### ACTIVITY
The whole listing, apart from its images, should be restated word for word.
BEGIN DATA SECTION
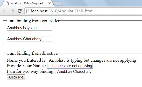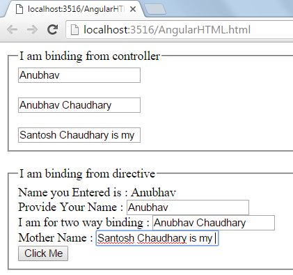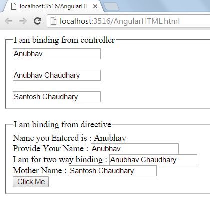 - "Provide Your Name : <input type='text' ng-model='text' /> <br /> I am for two way binding : <input type='text' ng-model='doublebind' /> <br /> Mother Name : <input type='text' ng-model='parentname' /> <br /> <input type='button' ng-click='call()' value='Click Me' />"
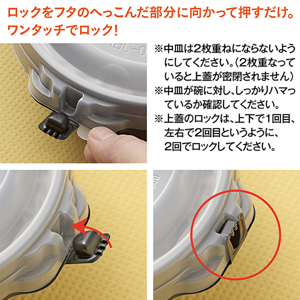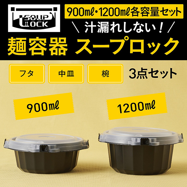「スープロック」は、特許技術のロック構造を採用した容器。麺類や汁物、スープ類のテイクアウトやフードデリバリーで、中身がこぼれないように持ち運びできる。ロックとアンロックを2タッチで操作でき、簡単かつ高い密閉性を実現している。椀、中皿、上蓋の篏合3点セット。
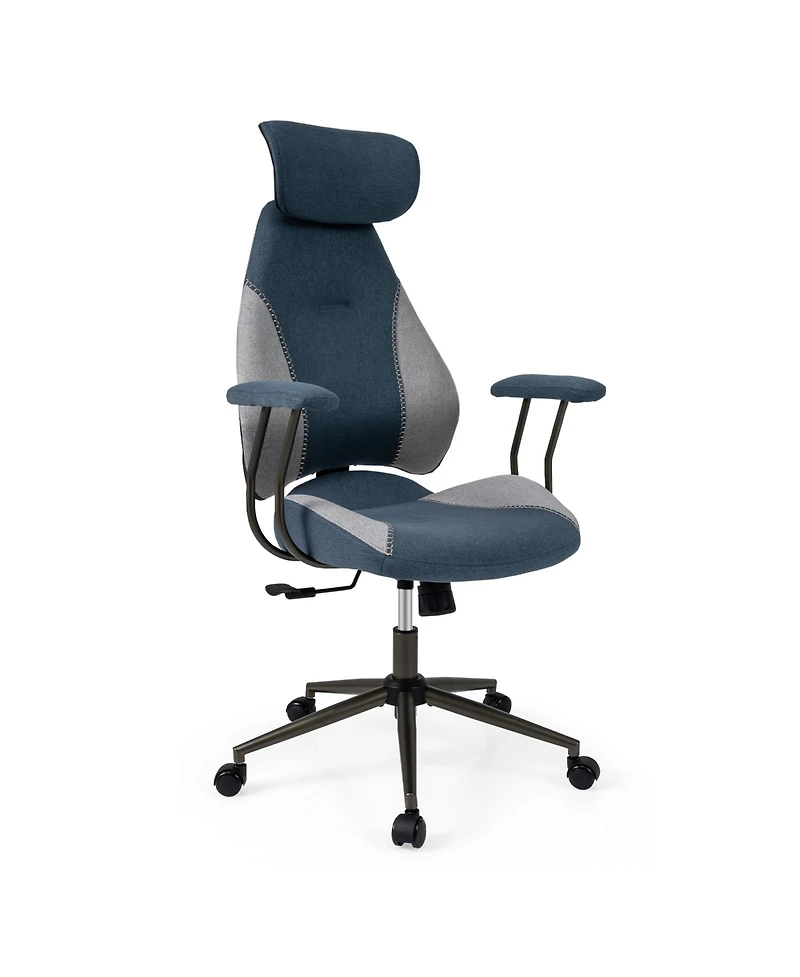 Engineered for all-day comfort, this high-back office chair features a 2D adjustable headrest that raises and tilts to cradle your head at the ideal angle. The rocking backrest locks into four positions between 92 and 114 degrees and swings freely up to 118 degrees for dynamic movement. Suede upholstery paired with dense sponge padding envelops you in supportive comfort. Wing-style side panels hug your back for lateral support, and padded armrests reduce shoulder tension.
END DATA SECTION
### ANSWER TO THIS TASK
 - "Provide Your Name : <input type='text' ng-model='text' /> <br /> I am for two way binding : <input type='text' ng-model='doublebind' /> <br /> Mother Name : <input type='text' ng-model='parentname' /> <br /> <input type='button' ng-click='call()' value='Click Me' />"
「スープロック」は、特許技術のロック構造を採用した容器。麺類や汁物、スープ類のテイクアウトやフードデリバリーで、中身がこぼれないように持ち運びできる。ロックとアンロックを2タッチで操作でき、簡単かつ高い密閉性を実現している。椀、中皿、上蓋の篏合3点セット。
 Engineered for all-day comfort, this high-back office chair features a 2D adjustable headrest that raises and tilts to cradle your head at the ideal angle. The rocking backrest locks into four positions between 92 and 114 degrees and swings freely up to 118 degrees for dynamic movement. Suede upholstery paired with dense sponge padding envelops you in supportive comfort. Wing-style side panels hug your back for lateral support, and padded armrests reduce shoulder tension.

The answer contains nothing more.